Tuesday, January 19, 2010

Alzheimer’s in Haiti


from  http://www.thelastofhismind.com/wordpress/?p=679   by John Thorndike 

With this disaster in Haiti there must be elderly Alzheimer’s patients in Port-au-Prince and other towns who somehow survived the earthquake that killed their caregivers. If they haven’t died already, they could be wandering around not knowing who they are, not remembering where they live, or how to eat, or where to lie down at night to sleep. Some would be as helpless as infants—only they don’t look like infants. In a country where the most able-bodied are having a hard time getting food and water and medical care, those with dementia must be at extreme risk.
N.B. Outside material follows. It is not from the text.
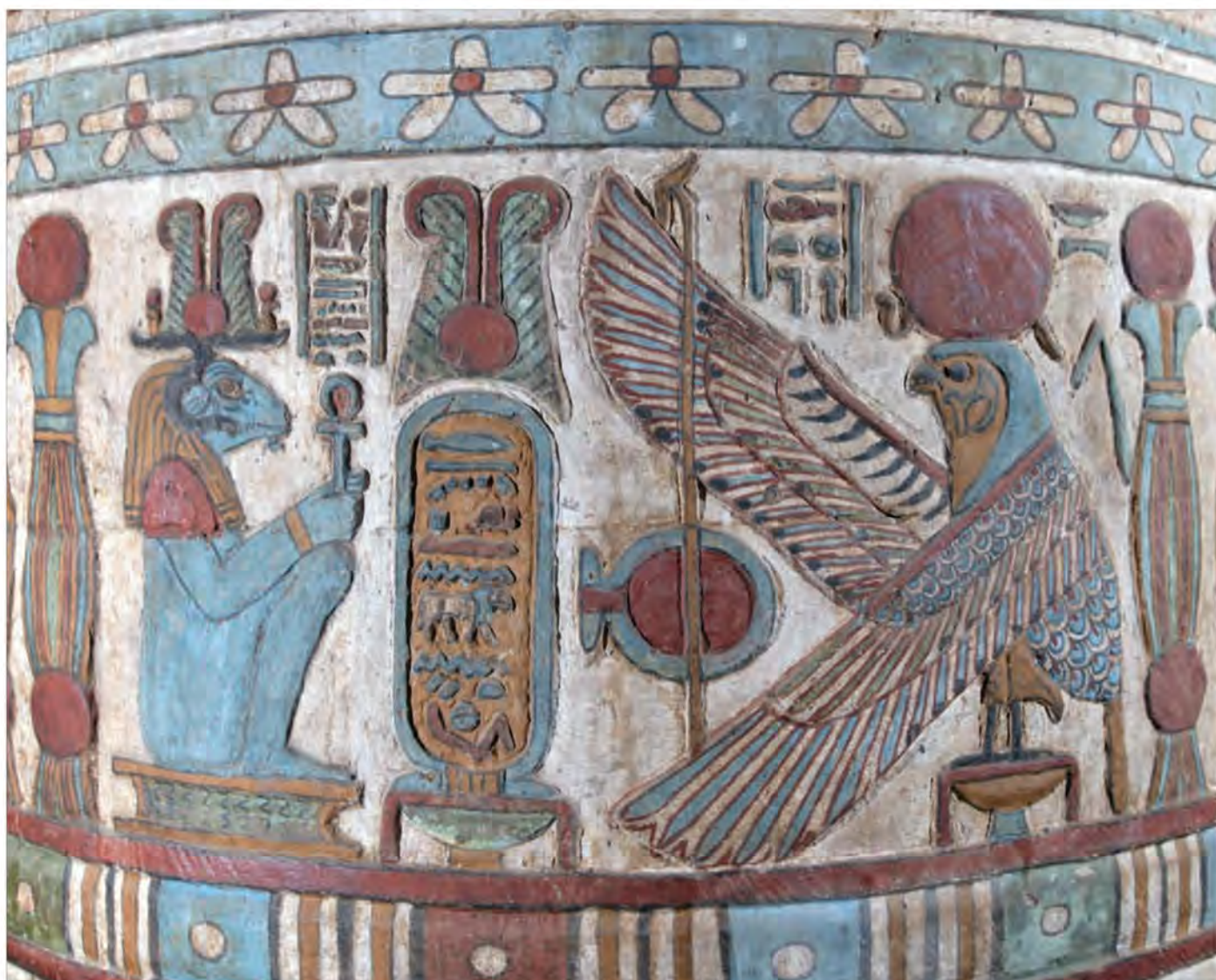
ABOVE: The frieze on the upper part on column no. 7 after conservation. The cartouche of Emperor Hadrian (AD 117–138) is accompanied and protected by Khnum, Lord of Esna (left), and the falcon Behedety (right).

We don’t hear much about dementia in third-world countries. The U.S. has about five million Alzheimer’s patients now, with 30 million in the rest of the world. We have more than our share percentage-wise, in part because we have better reporting of medical statistics, and in part because we live longer. Long life is now that double-edged sword: the longer we live, the more likely our brains are apt to go before our bodies.
Our education about Alzheimer’s is better. We don’t call it “senility,” as we once did, and we don’t call it “tired brain,” as they do in India. There’s a near-constant outcry about the need for better medications in the U.S., for better patient care, for more help for caregivers as they look after the afflicted at home. But what did Alzheimer’s care look like in Haiti a month ago? There couldn’t have been much help from the state—and today there must be none.
Caring for my father as Alzheimer’s took him down has set up a kind of filter for me—rather like the years I spent raising my son. I became a father, I joined the vast community of parents, and now I have joined the community of those who have looked after the elderly and those with dementia. In the case of Haiti, my mind jumps to those who are lost in the midst of chaos, who could make little sense of anything even if they were still ambulatory. Infants and those in the deep reaches of Alzheimer’s are especially vulnerable populations—and on the streets of Port-au-Prince, the latter must be almost invisible.